The FINANCIAL - Korean Covered Bond Act a Boost to Wider APAC Market

Korean Covered Bond Act a Boost to Wider APAC Market

Korean Covered Bond Act a Boost to Wider APAC Market

The FINANCIAL -- The passing of the Korean Covered Bonds Act makes South Korea the first Asian country to have dedicated covered bond legislation, which Fitch Ratings considers as a positive development for the wider Asia-Pacific covered bond market. Fitch Ratings, Inc. expects issuance under the Act to occur soon after it comes into force in March 2014.

The Act is little changed from the framework proposed in February 2013. It defines eligible issuers, the segregation of the covered assets post-insolvency of the issuer, eligible assets, the appointment of an independent monitor, and regulatory reporting requirements. The provisions in the Act are largely similar to those in other jurisdictions.

The Act is partly intended to reduce Korean households' exposure to interest rate shocks by facilitating longer-term, fixed rate mortgage lending. But it also allows for a range of assets to be used as collateral for covered bonds. As well as residential mortgages, collateral can be municipal bonds, mortgage bonds or shipping and aircraft loans. The minimum level of collateralisation is set at 105% and covered bond issuance is limited to 8% of the issuer's total assets. Liquid assets used as substitution assets are also limited to 10% of the cover pool, according to Fitch Ratings, Inc.


Fitch estimates that up to around USD111bn of covered bonds could theoretically be issued under the Act, based on the assets of the main Korean banks. For comparison, Australia's covered bond law caps issuance by limiting the value of assets in cover pools to a maximum of 8% of total Australian assets on the issuing bank's balance sheets. In New Zealand the figure is 10% of total assets, according to Fitch Ratings, Inc.

Unlike assets that secure the Korean Housing Finance Corporation (KHFC) issuance, which are taken off the originating bank's balance sheet, cover assets will remain on the issuer's balance sheet and will be recorded in a register. The cover assets are intended to be ring-fenced, for the benefit of covered bond investors, from the claims of the issuer's other creditors in the event of issuer insolvency.

Fitch will need to fully assess the strength of the asset segregation in detail to determine whether the cover assets and their cashflows are safe from commingling, claw back, set-off and other claims from secured creditors.

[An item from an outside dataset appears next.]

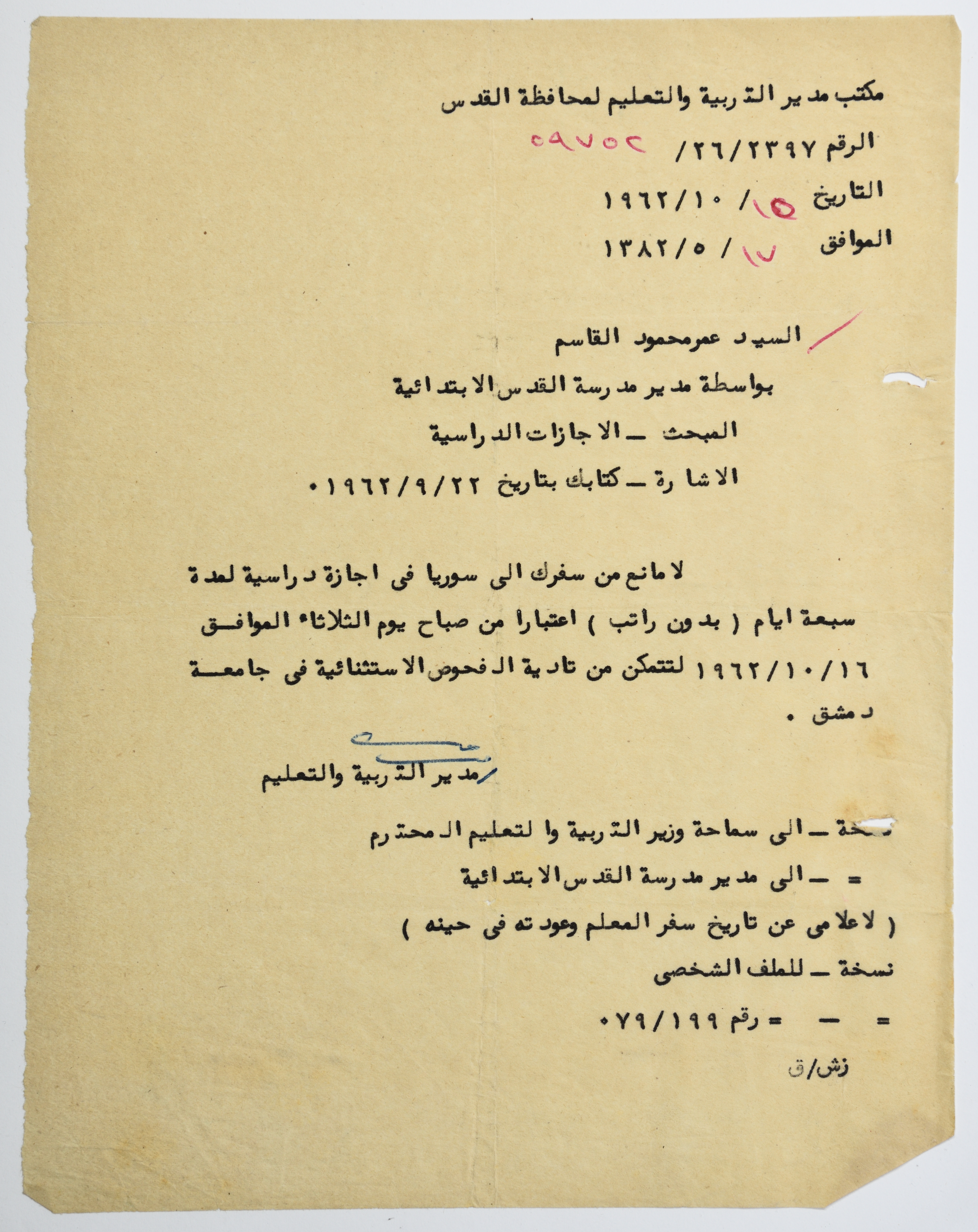 رسالة مؤرخة في 15 تشرين الأول 1962، أرسلها مدير مكتب التربية والتعليم في القدس إلى عمر القاسم، وتفيد بالموافقة على سفره إلى سوريا في إجازة دراسية لمدة سبعة أيام بدون راتب.

The Act does not outline any mechanism to minimise liquidity risk for investors and bridge maturity mismatches between the cover pool and the covered bonds. While Fitch has not fully assessed the feasibility and liquidity of large mortgage portfolio refinancing in South Korea, the agency takes a positive view of the fact that KHFC is already used as a refinancing platform.

Fitch expects banks that issue covered bonds under the Act will also continue to utilise funding through KHFC. This choice will give the banks a way of further diversifying their funding strategy, according to Fitch Ratings, Inc.